Marrakech
da:"Viaggi e scritti letterari", Cesare Brandi, Classici Bompiani, 2009
CONGEDO
Siamo alla fine, il Marocco è dietro alle mie spalle, davanti a me, questo abitato immenso a macchia d'olio, anonimo, se non fosse per le palme che ti fanno ancora assaporare il sole. Ma il sole non c'è più, grandi nuvoloni atlantici contraddicono a quell'idea edenica del Marocco, che è inevitabile portare in sé e che ti ha accompagnato alle soglie di Casablanca. Arrivare qui è come essere già partito: è come una stazione di testa, in cui tutti i treni fermano, in cui si scende solo per risalire. E forse non c'è sensazione più malinconica che sentirsi formare il passato dentro il presente, come una digestione difficile. Perché il Marocco è questo, da un lato ti riporta velocemente all'indietro, non all'infanzia, ma a un passato che non è il tuo e che convive con quanto, del presente, è più comune e anonimo, sicché neppure ci se ne accorge. Dall'altro, alimenta in modo nascosto e quasi subdolo, il senso della favola: che si possa vivere una favola modesta, dove il cielo è sempre sereno, dove le persone sono tutte gentili, dove c'è insieme la neve, il sole, le palme, l'inverno e l'estate. Certo è un paese della vacanza, non si può lavorare in Marocco, non si può uscire, passeggiare, prendere una carrozzella. Dopo di che verrà a noia, ma prima che venga a noia, uno sta bene. E la cattiva coscienza, di non volere ricordarsi che è un paese povero, dai disastri annuali, terremoti o alluvioni? Purtroppo è una vacanza della coscienza, che si cerca qua; ma ogni vacanza è vacanza dalla coscienza.

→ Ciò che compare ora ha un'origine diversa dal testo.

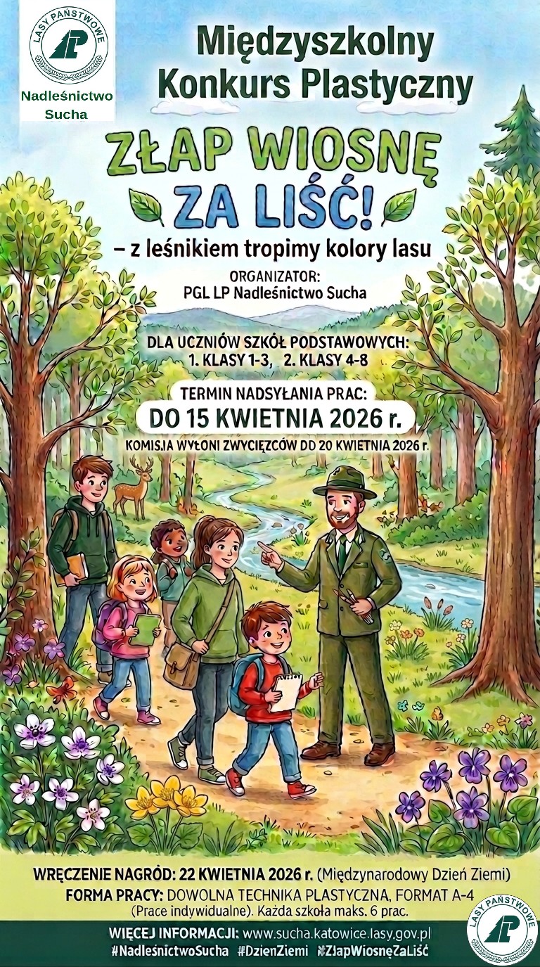 Termin składania prac upływa 15 kwietnia 2026 roku. Uczestnicy powinni dostarczyć je do siedziby Nadleśnictwa Sucha. Rozstrzygnięcie konkursu zaplanowano do 20 kwietnia, natomiast uroczyste wręczenie nagród odbędzie się 22 kwietnia, w Międzynarodowy Dzień Ziemi.

Comunque, il colloquio che avvia con se stessi, una vacanza del genere, non è ozioso, non è irresponsabile.
La serenità non è solo del cielo, è un modo di potere accogliere anche le nuvole, anche le tempeste, e di disperderle: allora ci si siede e si guarda con un occhio nuovo, con una mestizia tranquilla che non è amara ma il modo di consentirsi di vivere.